What are the typical computational or numerical issues encountered when manipulating the covariance matrix of (X, Y)?
When X is dimension n and Y is dimension m, the joint covariance matrix for (X, Y) becomes an (n+m) x (n+m) matrix. Common issues include:
Singularity or Near-Singularity: If any subset of variables is nearly perfectly correlated (or truly degenerate), the covariance matrix can be ill-conditioned and difficult to invert. This is frequently encountered in high-dimensional data with limited samples.
Memory Constraints: Storing and manipulating very large covariance matrices can become infeasible as n + m grows.
Stability of Factorizations: Many algorithms rely on the Cholesky decomposition (or other matrix factorizations) of the covariance matrix. Numerical instabilities may arise if the matrix is ill-conditioned, leading to inaccurate computations of densities or repeated sampling from the distribution.
A subtle pitfall is ignoring small correlations that become magnified when inverting a poorly conditioned covariance matrix. Even minor numerical round-off can lead to large errors in computing log-likelihoods or generating samples if the matrix is near-singular.
How does one handle correlation across time when (X, Y) are time series data considered at different time points?

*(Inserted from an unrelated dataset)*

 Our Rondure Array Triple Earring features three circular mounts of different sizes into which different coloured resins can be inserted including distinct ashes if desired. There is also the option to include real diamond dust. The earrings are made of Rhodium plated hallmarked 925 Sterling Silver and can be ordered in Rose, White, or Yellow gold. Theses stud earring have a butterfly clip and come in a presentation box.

In time series or temporal modeling, each “vector” can represent observations at certain time steps. For instance, X might represent a time series segment in one sensor or domain, and Y might represent measurements in another domain or from another sensor. Even if each time series segment is individually Gaussian, there could be cross-correlation over time between X and Y.

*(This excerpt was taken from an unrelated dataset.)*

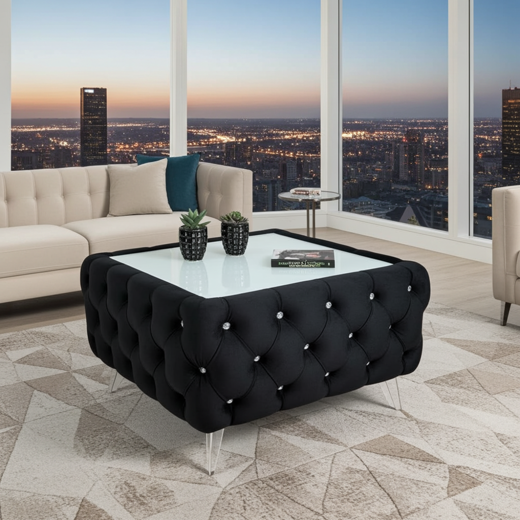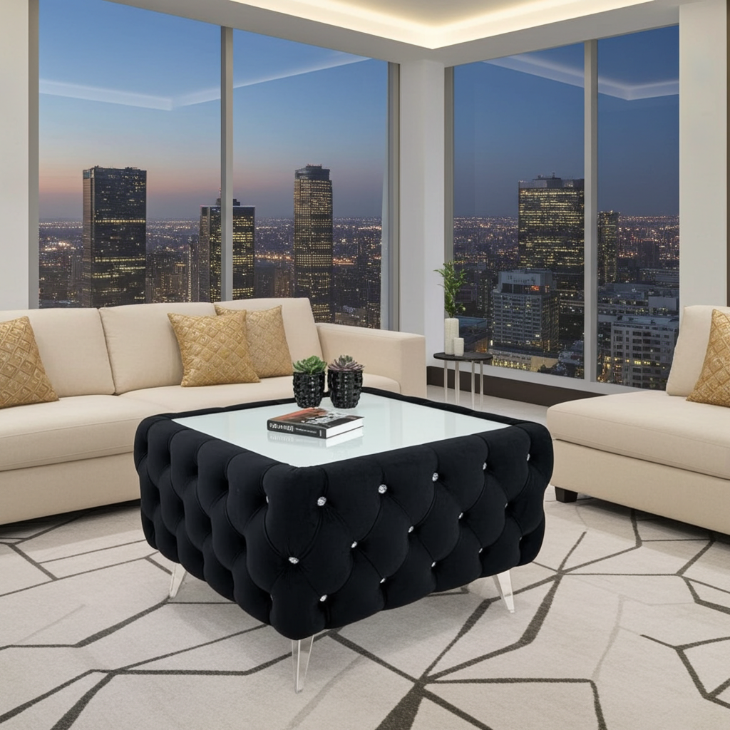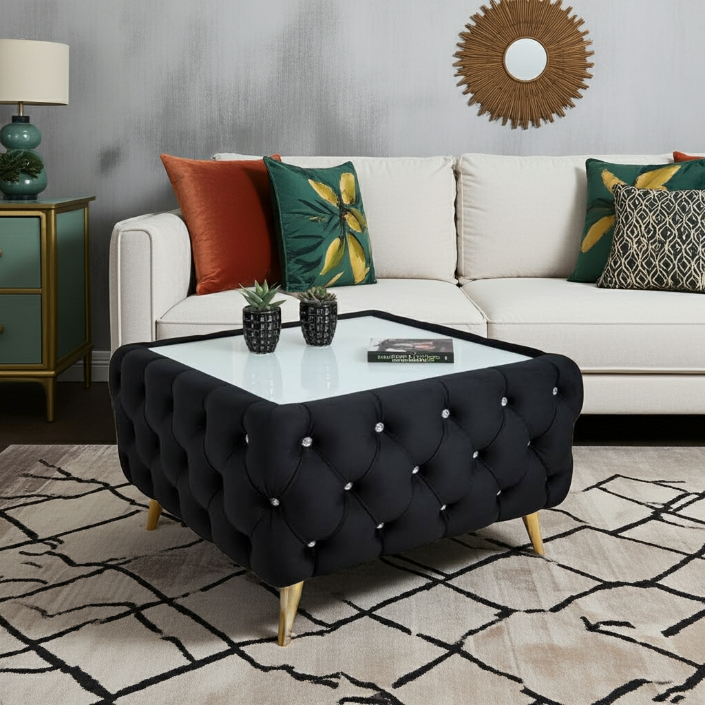 This coffee table showcases meticulous craftsmanship with deep button tufting and premium velvet fabric that maintains its luxurious appearance over time. The sturdy metal legs provide excellent stability while adding a touch of glamour to your space.

If X and Y are truly independent time series processes (no cross-correlation), then (X, Y) remains a valid joint Gaussian process in time.
Often in real-world signals, X and Y have some correlation at lags. In that case, they are not strictly independent, but they could still be jointly Gaussian with a certain covariance function specifying cross-lag correlations.
A potential pitfall is to treat multi-sensor data as if they were independent just because each sensor’s readings are individually well-modeled by Gaussian processes. In reality, cross-lag correlations might be significant, which influences predictions, inference, and uncertainty quantification. Proper modeling of the joint distribution in time often requires specifying a joint covariance function that accounts for how X and Y co-vary over different time points.
Does linearity of transformations apply to other common distributions beyond the normal?
In general, many distributions do not exhibit the property that an arbitrary linear combination of their components remains in the same family. For instance, the sum of two independent Poisson random variables is still Poisson only if they share the same rate parameter, but more complicated transformations (and partial independence assumptions) often break that structure. For Gamma distributions, the sum of two independent Gamma(α, β) random variables is Gamma(α1+α2, β) only if they share the same rate parameter β, and so forth.
The normal distribution is uniquely stable under linear transformations and convolution. This is one of the core reasons the normal distribution is so widely used in theory and practice. A subtle real-world pitfall occurs when one tries to assume normal-like properties with distributions that do not hold this stability under addition or convolution. The modeling consequences can be severe if the distribution is incorrectly treated as “Gaussian-like” despite clear violation of linear transformation properties.